Oceanbird represented the scale of its sail with Lego models at SMM (Source: Charlie Bartlett)

Not even viable onboard carbon capture seems to be generating the same degree of hype as sails, and it is easy to see why; the promise is one of using less energy in the first place. But the benefits will be situational. As well as ensuring that their vessels are sailing on routes with favourable winds, some ships will need substantial deck-strengthening work before sails can be installed, admitted Markus Sannholm, sales director at Norsepower, the first manufacturer to make rotor sails.
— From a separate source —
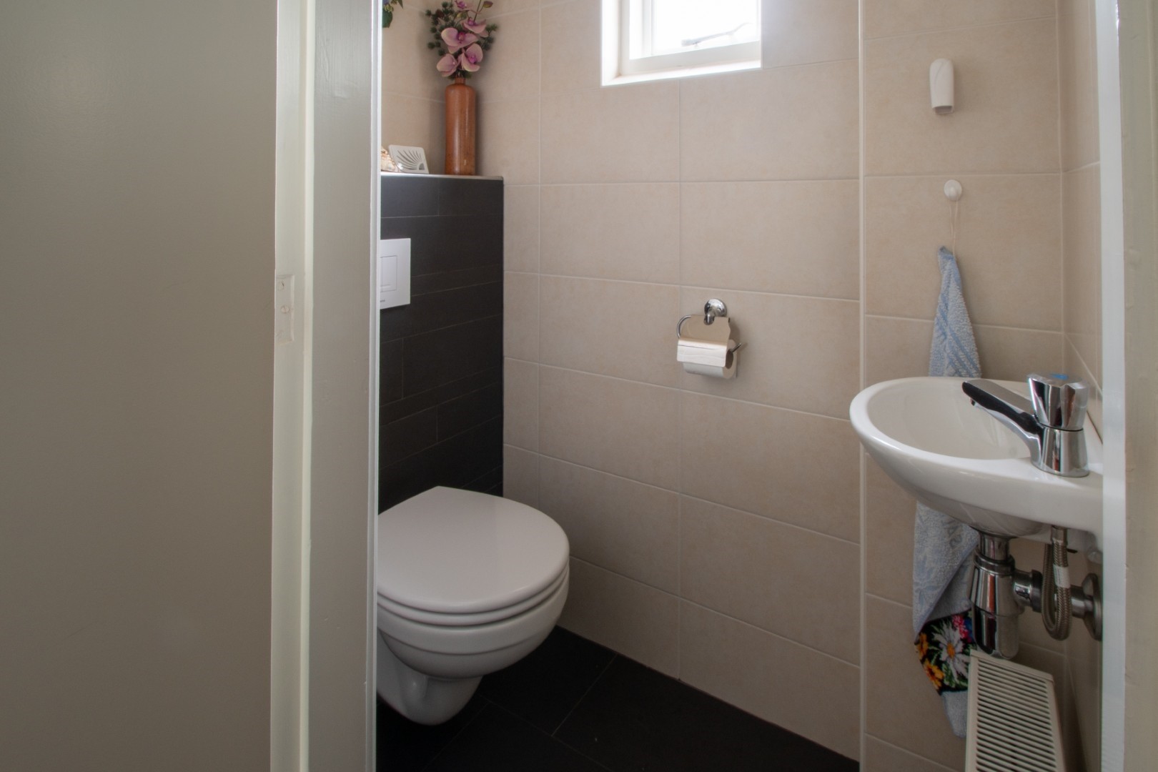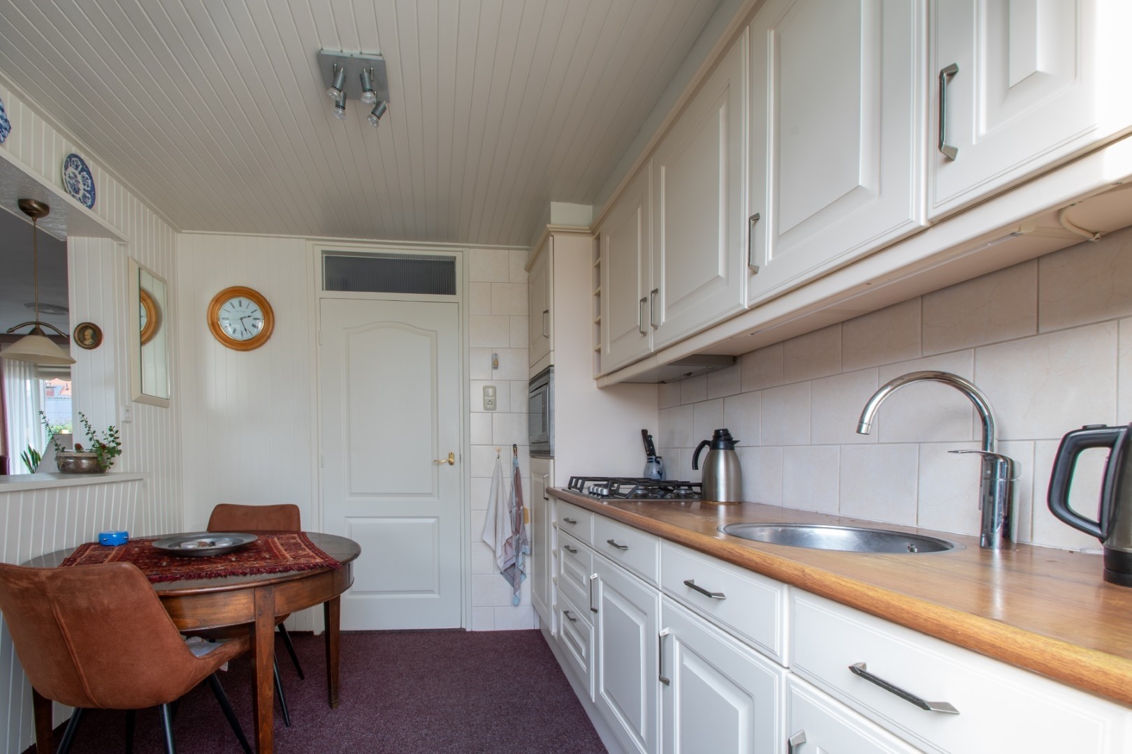 Via de entree kom je in de hal met toilet en de trap naar de eerste verdieping. Vanuit de hal is de keuken bereikbaar. Deze halfopen keuken is praktisch ingericht en voorzien van een gaskookplaat, afzuigkap, koelkast en magnetron. Daarnaast is er een close-in boiler aanwezig voor extra warm water in de keuken. Vanuit de keuken loop je door naar de woonkamer. Dit is een lichte ruimte met een prettige indeling en genoeg mogelijkheden om er stap voor stap een eigen plek van te maken. Vanuit de keuken is er ook direct toegang tot de tuin, waardoor je gemakkelijk naar buiten loopt.

I've worked with ballast treatment systems and scrubber systems in the past… it is somewhere between the two, in terms of complexity,” he told Ship Repair Newsletter. “So, yes, you have a hundred or so things to take into account, and load carrying structures is one of them.

“As a starting point, we try to find a location on the base where you have good structure from the start. So, on a bulk carrier or a tanker, it would be somewhere on top of the transversal bulkhead, for example, and by that you could probably get the sail without too much reinforcing underneath.”

Because of the wind putting lateral pressure on the sails’ mounting point, engineers have to think hard as to whether the deck will be able to cope long-term. “It's more risk of long-term cracks and fatigue, structural damages,” explained Alfred Rapaport. Performance Engineer at Oceanbird. “It's something we have considered quite a lot in this candidate that we're going to install on right now and have already done the reinforcements on actually.

“This first installation we partnered up with, then we have the advantage that that ship is built in a way that it is already quite sturdy and strong.”